Wednesday, March 25, 2015
When Blue Skies… The Search For An Elusive Peace
Sure blue is a nice warm color, sky blue, blue eyes crying in the rain or not, blue skies over Dover once the now forgotten time-limited battles were over, done. It was on such a blue day that I first saw the symbol above, the dove of peace all etched in black and white as if to say that on the questions of war and peace the issue was black or white, no shadings, no slipping over into thoughts of troop-less drone warfare, no quick escalations and then out, out leaving behind that little problem of fire and brimstone done to some forsaken villages or national treasures, no quick bombing runs and then home for a cocktail and a night of gin rummy (Hiroshima was a quick raid, remember, remember the carnage seventy years later).
Saw a fistful of dovish flags all white and black coming at me during the Honk Parade (for those who are not in the know that is a now classic fall event around Boston which has featured every possible odd-ball, good odd-ball, musical assemblage complete with homemade, makeshift costumes, jugglers, stilt-walkers, drifters, grifters, smugglers and I do not know what else) come storming down on me and I was forced, forced I tell you, to watch and clap my hands along with many others on the parade route.
That storming down is a bit of hyperbole if anything a gentle storm blowing good breezes but here is the point. I had opposed the Iraq wars, I and II, opposed plenty of other American adventures since my own Vietnam War days when I like those black-etched flag-flying Veterans For Peace got “religion” about the rawness of American foreign policy and the military power that carried out that policy to the horror of a candid world.
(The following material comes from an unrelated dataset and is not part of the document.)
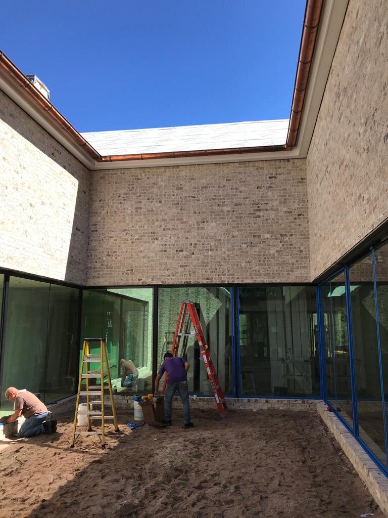 Surrounded by live oak trees, farm fields, wetlands and a pond, the residence and collection is deployed as a pattern of tall volumes and courts that configure new relationships and spaces on the site. The site location and architectural language were highly restricted by a series of neo-historicist local codes and by-laws that largely neglected environmental factors. These codes were also unaware of the nuances and social justice connotations of the proposed historical models. In this context, the project pushed for a revision of historical requirements in favor of muted volumes which both performed environmentally and reflected on the many histories of the land. These revisions were very much in line with the collection housed: A personally curated wide and diverse ranging collection of artifacts.

So sure I would march in Washington, on the Common in Boston, maybe take flyer out in the Bay Area, maybe too give a few bucks when the bucket got passed around, maybe speak from some open mic platform about the evils I knew of war, and of the necessity of opposition but I had played the lone wolf, the lone scout but that day I resolved to look into what these guys, mainly guys reflecting ancient past wars and who fought them, were about, why that flurry of flags sent a message to my brain that kindred were about the land.